- [DATA]:
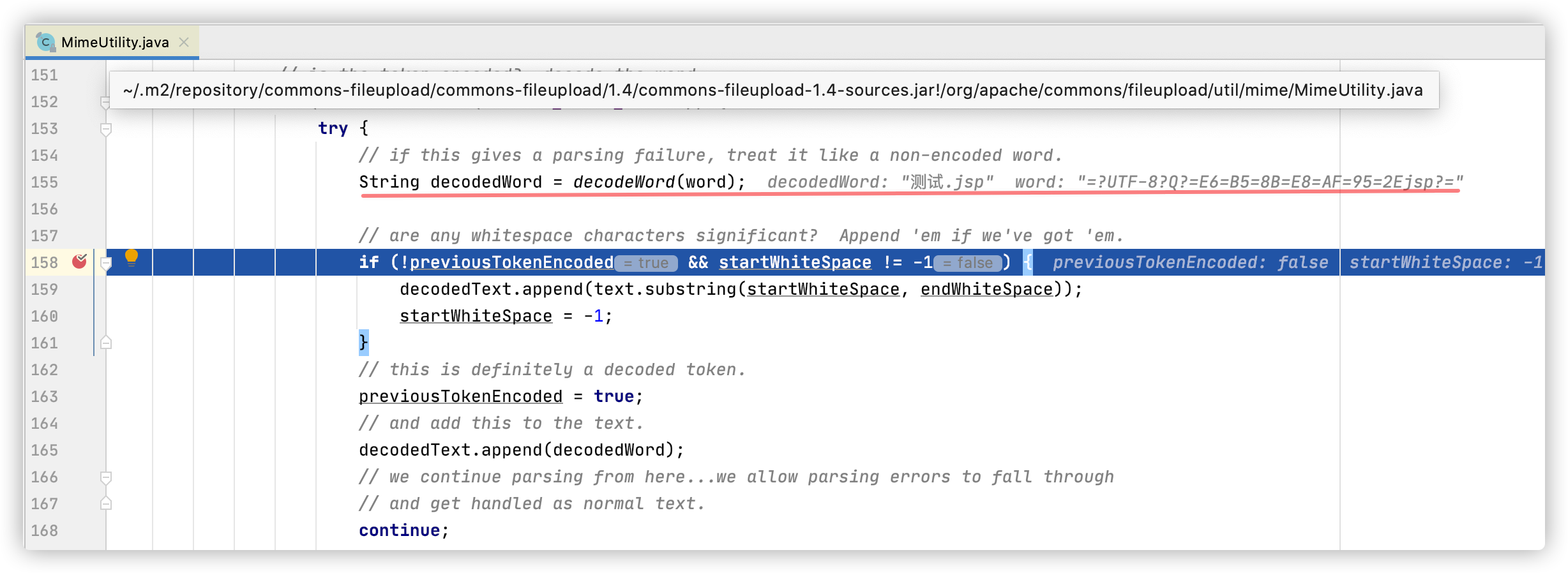 编码处理类:org.apache.commons.fileupload.util.mime.MimeUtility#decodeText
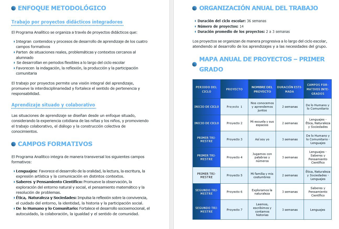 El contenido está organizado para cubrir las 36 semanas del ciclo escolar, a través de 14 proyectos didácticos integradores que articulan de manera natural los campos formativos y los procesos de desarrollo de aprendizaje establecidos en el Plan de Estudios 2022 para la Fase 3.
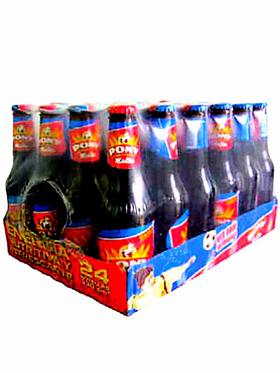 A case of 24 bottles of Pony Malta, a non-alcoholic malt beverage popular for its energizing qualities.
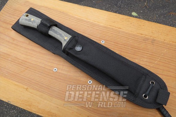 Speaking of the scabbard, Condor deviates from a traditional-style scabbard and instead uses a heavy leather scabbard with a paracord wrapping. Joe explained that it is designed to be flat and quiet so it can be stowed away or strapped onto a bag easier. It’s well made and very functional, although a little slower on the draw than a traditional-style scabbard. Price on the Tactana is a very reasonable $209.98.
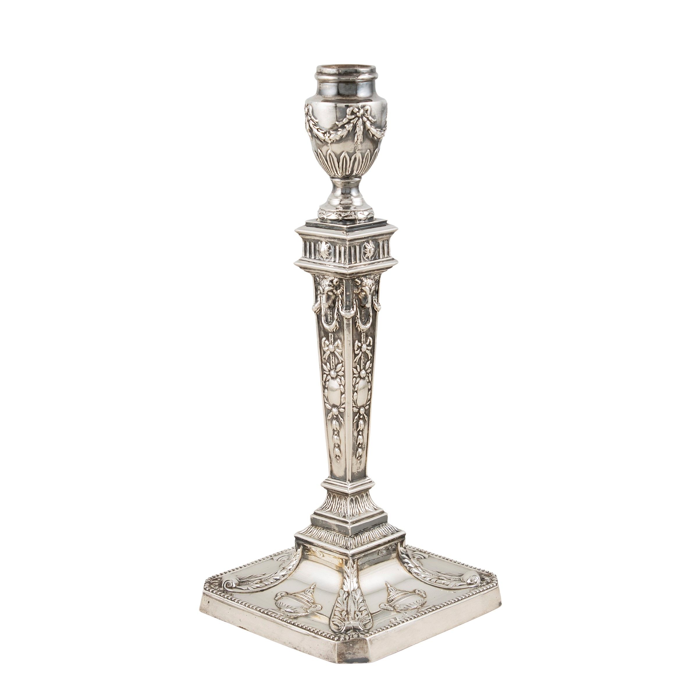 Sheffield, 1900 Orafo Alexander Clark Manufacturing Co., base squadrata e stelo decorati con motivi neoclassici, peso lordo 623 gr.
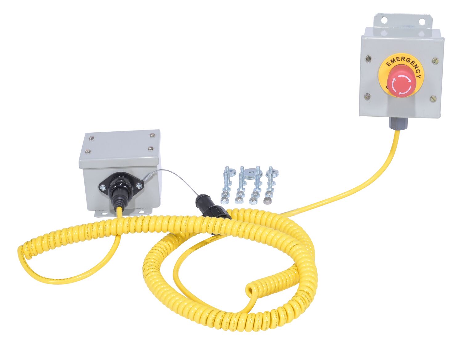 The emergency stop button kit is great for the distribution and shipping facilities. The unit allows the operator to shut off the fork truck power from the work platform. The unit is designed to work on gas powered fork trucks, and can be adapted to work on electric or diesel fork trucks. When installed, simply push in on the emergency stop button to immediately stop the unit.
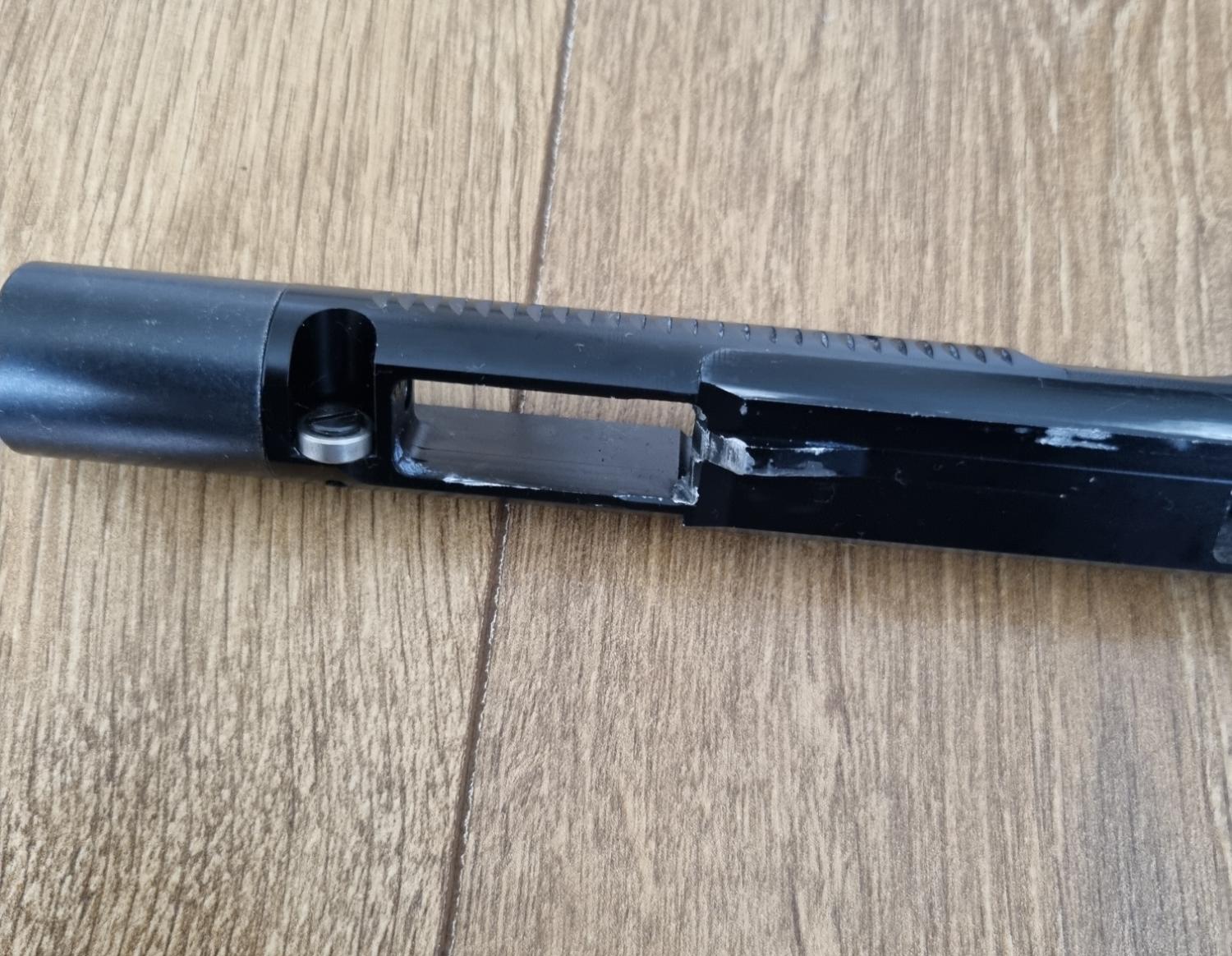 The end cap is steel and combining this with the standard tm bolt gives one of the heaviest bolt configurations giving great recoil.

- [TASK DIRECTIONS]: Write all the entries again word for word, minus the pictures.

- [ANSWER TO THIS EXERCISE]:
 编码处理类:org.apache.commons.fileupload.util.mime.MimeUtility#decodeText
 El contenido está organizado para cubrir las 36 semanas del ciclo escolar, a través de 14 proyectos didácticos integradores que articulan de manera natural los campos formativos y los procesos de desarrollo de aprendizaje establecidos en el Plan de Estudios 2022 para la Fase 3.
 A case of 24 bottles of Pony Malta, a non-alcoholic malt beverage popular for its energizing qualities.
 Speaking of the scabbard, Condor deviates from a traditional-style scabbard and instead uses a heavy leather scabbard with a paracord wrapping. Joe explained that it is designed to be flat and quiet so it can be stowed away or strapped onto a bag easier. It’s well made and very functional, although a little slower on the draw than a traditional-style scabbard. Price on the Tactana is a very reasonable $209.98.
 Sheffield, 1900 Orafo Alexander Clark Manufacturing Co., base squadrata e stelo decorati con motivi neoclassici, peso lordo 623 gr.
 The emergency stop button kit is great for the distribution and shipping facilities. The unit allows the operator to shut off the fork truck power from the work platform. The unit is designed to work on gas powered fork trucks, and can be adapted to work on electric or diesel fork trucks. When installed, simply push in on the emergency stop button to immediately stop the unit.
 The end cap is steel and combining this with the standard tm bolt gives one of the heaviest bolt configurations giving great recoil.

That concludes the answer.